In 2017, Robert and I began a collaboration with Howell, Happe, and other agency biologists to help determine if a viable marten population still exists in the Olympics. As part of this research, we paired motion-triggered cameras with the scent dispenser initially designed for wolverines in hopes that we could detect rare and reclusive martens over the winter. Thus far, the project has photographed two martens in the upper Hoh River drainage, deep within Olympic National Park. This is the only place on the entire peninsula where previous camera surveys yielded detections as well, one in 2015, another in 2016.

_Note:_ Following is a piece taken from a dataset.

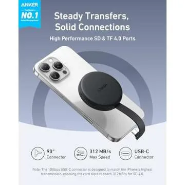 Show moreDiscover the power of seamless data transfer with the Anker MagGo USB-C Adapter, crafted specifically for the latest USB-C iPhone 16/15 Series. This portable and adaptable card reader revolutionizes the way you handle data on the go, featuring high-speed SD and TF 4.0 ports that can deliver a remarkable transfer rate of up to 312MB/s. Perfectly designed to meet the needs of multitaskers and creators, this adapter stands out with its built-in cable and magnetic attachment, ensuring that connectivity is both easy and secure.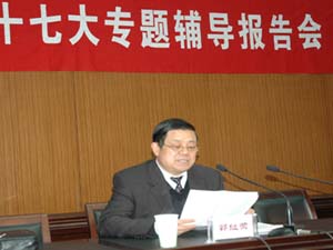4月10日,公司黨委特邀市政協(xié)學習文史委員會副主任、副教授郭繼榮為工貿系統(tǒng)離休干部作了關于學習十七大精神的專題輔導報告。郭主任圍繞十七大報告關于貫徹落實科學發(fā)展觀的幾個必須堅持、當前國際國內形勢及存在的困難和問題、今后九項工作的大政方針等,作了深入淺出的講解和分析。40余名離休干部參加報告會,對深入學習十七大精神表現(xiàn)出很高的積極性,表示將在促進社會發(fā)展、維護社會和諧等方面發(fā)揮余熱,作出應有貢獻。

Each photographic image is a glimmer of hope, but many questions remain about the status of martens in the Olympics. “I’m really concerned about how many are left and if there is enough genetic diversity for a healthy population,” says Happe, who acknowledges that a targeted augmentation (adding new individuals to a sparse population) may eventually be required to maintain martens on the peninsula. But for now, we will keep on trying to gather more information. As Aubry put it, we can’t know where we want to get to if we don’t know where we’ve been.
Nor can we achieve our conservation goals without opening our hearts and minds to the animals themselves. Martens, fishers, wolverines — in their own unique ways, these animals are telling us that to rewild broken landscapes with our scientific prowess, we must also internalize the life lessons we learn along the way. About teamwork. About resilience. About paying careful attention to the past.